The previous worked example was given not to suggest that such a process is needed, but to show just how good a CCS can be made with the DN2540N5.

Nevertheless, considerable improvement is possible, and like the simple bipolar transistor, the cascode is the way to go. Remembering how the single BJT CCS evolved into a cascode, we could add a voltage reference and second FET (see Figure 2.61a and b).

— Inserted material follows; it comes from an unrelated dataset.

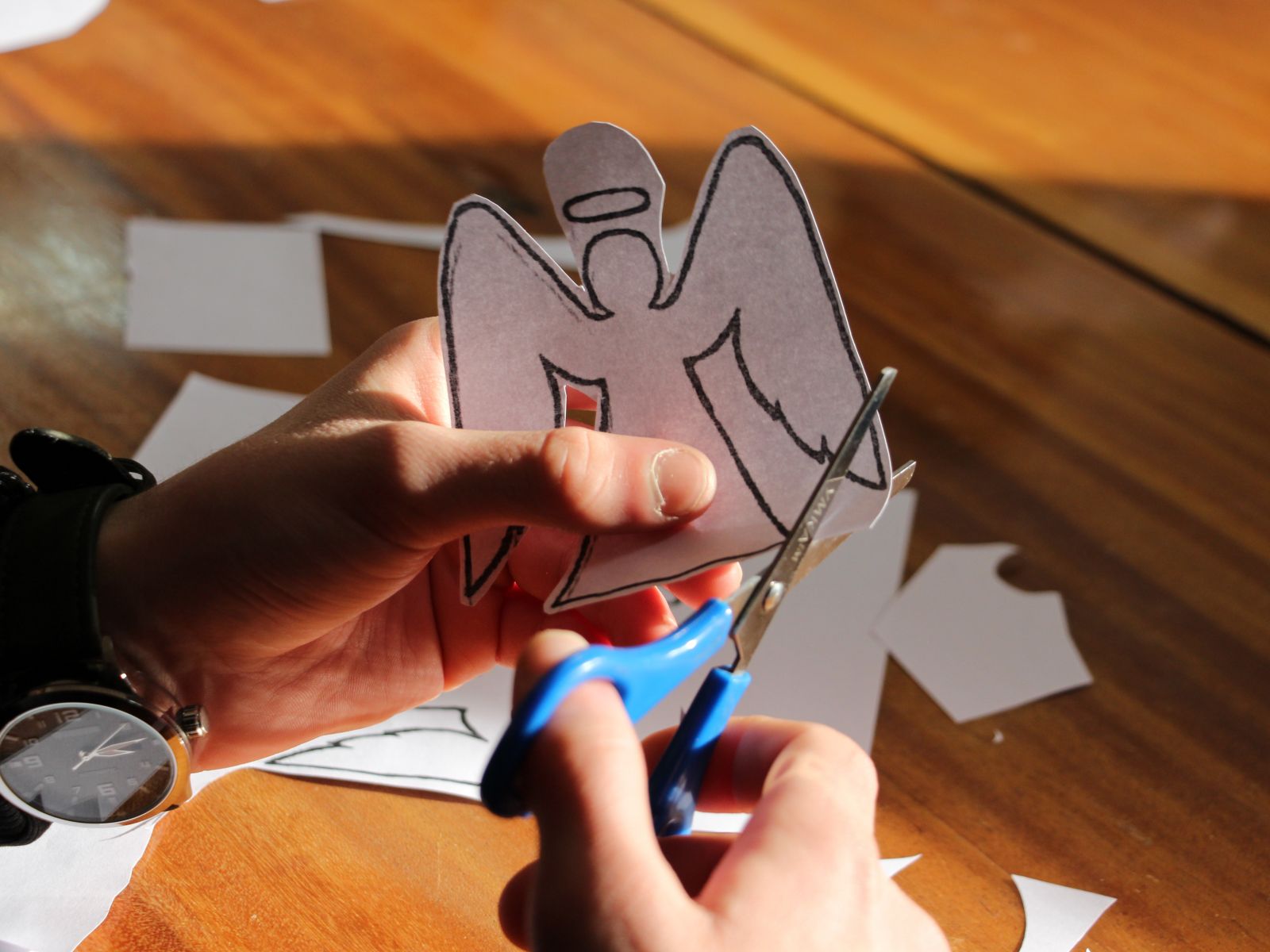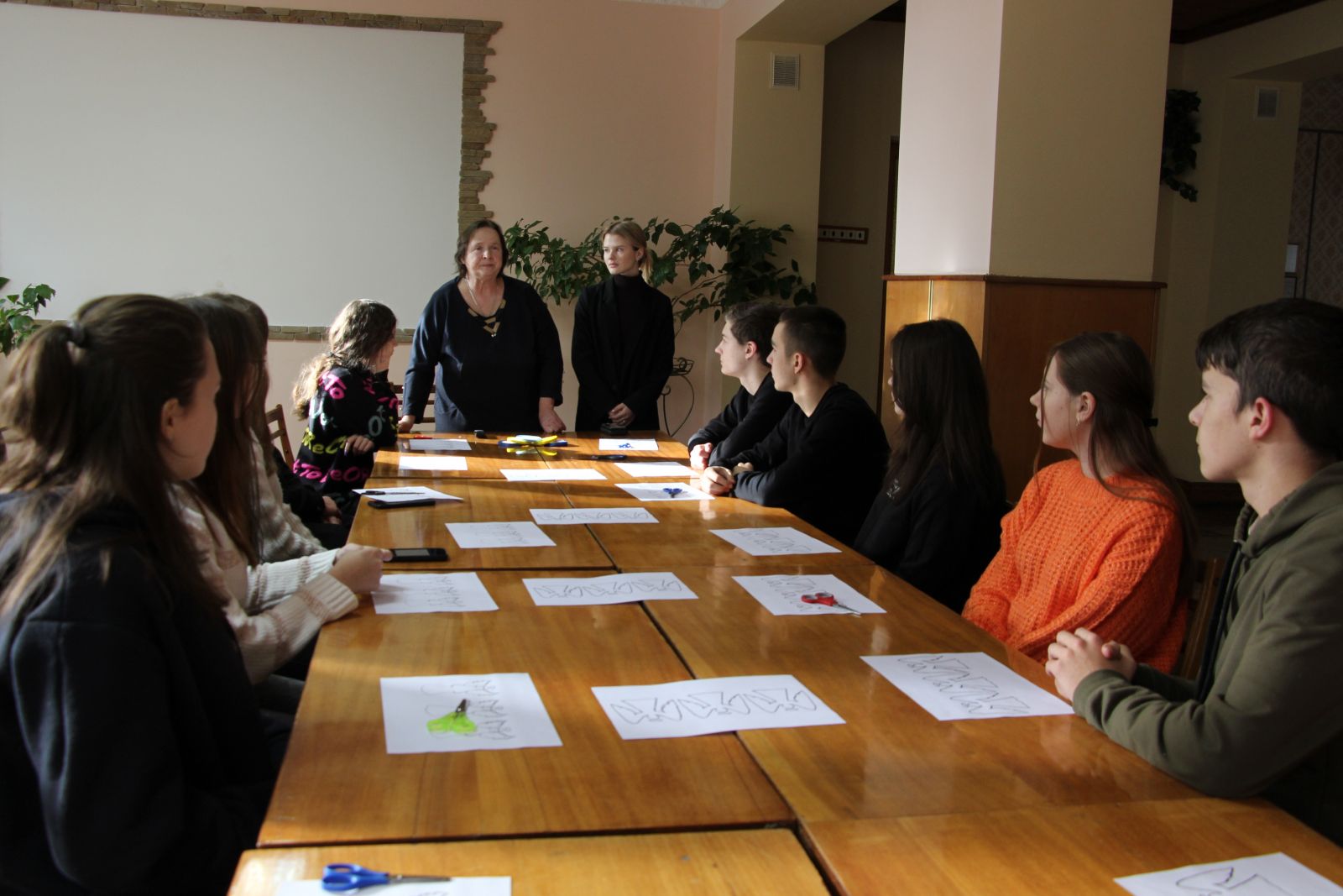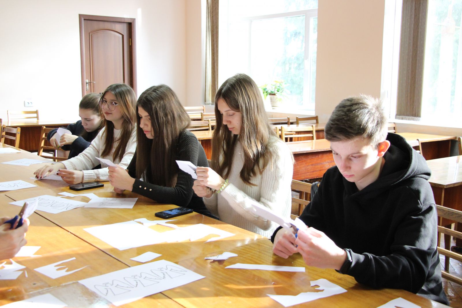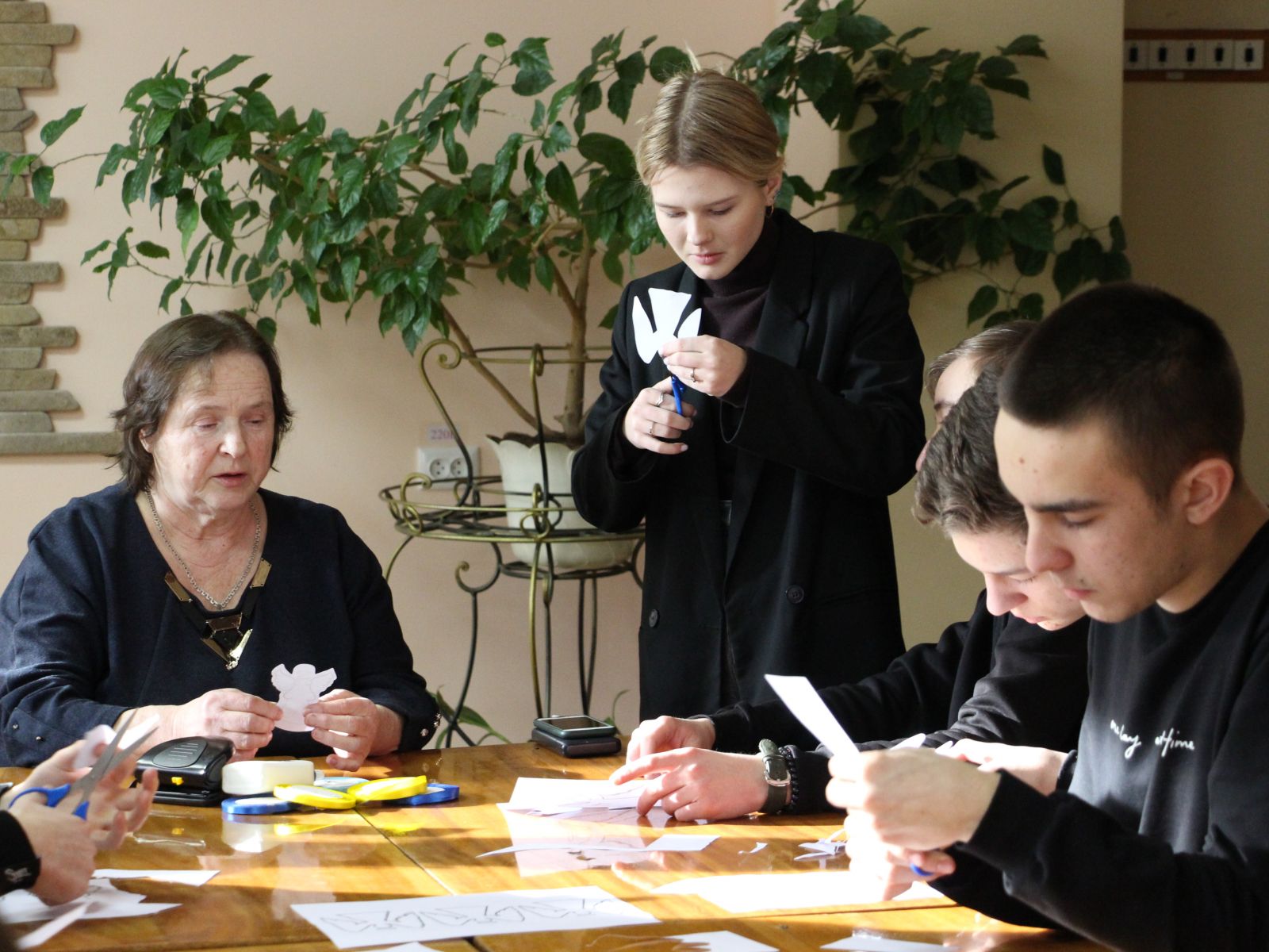 Підтримати Олену та поговорити зі студентами прийшла на майстер-клас до нашого коледжу Зоя Кузьменко, мати загиблого Максима Шимка. Разом вирізали і клеїли янголів пам’яті.

Unfortunately, by adding the voltage reference, we lose the very desirable property of the circuit being a two-terminal device. Because the DN2540N5 is a depletion mode device, the voltage reference is not strictly necessary, and we could use one DN2540N5 as the reference resistance for the other (see Figure 2.61c).

However, there are disadvantages because the lower device in the cascode is forced to operate with a very low V_ds, but they can be ameliorated by returning the upper device’s gate stopper not to 0 V but to the source of the lower device (see Figure 2.61d).

This simple circuit is deservedly popular because (being two-terminal) it can be used equally well as an anode load or as the cathode tail resistance in a differential pair. The programming resistance is multiplied by both amplification factors, and even though the lower device’s performance suffers due to the low V_ds, our previous example is likely to improve from ≈175 kΩ to ≈30 MΩ.

However, things are not quite as rosy as they might seem. The high resistance applies at DC, but not at AC because of output capacitance C_OSS [21] (see Figure 2.62).

As can be seen from the graph, C_OSS is alarmingly high at low voltages and it is not until V_ds>15 V that it falls to its asymptotic value of ≈12 pF. Fortunately, we would always operate at V_ds>15 V (preferably 40 V, or more) because a BJT cascode is a better choice at lower voltages. An EF184 pentode CCS could achieve an output capacitance of 3 pF, but once we add typical strays of 3 pF to both circuits, the valve advantage degrades to 6 pF against 15 pF. This somewhat poorer output capacitance is the price we pay for the undoubted convenience of a two-terminal CCS.

The device has a maximum continuous current rating of 500 mA, so it should come as no surprise to learn that performance degrades at low currents. If you need a current <10 mA, then you owe it to yourself to see if there’s an alternative solution because the device is much better >10 mA, and at 25 mA it really comes alive (r_out of a cascode CCS at 25 mA was four times that at 10 mA, all other factors kept constant).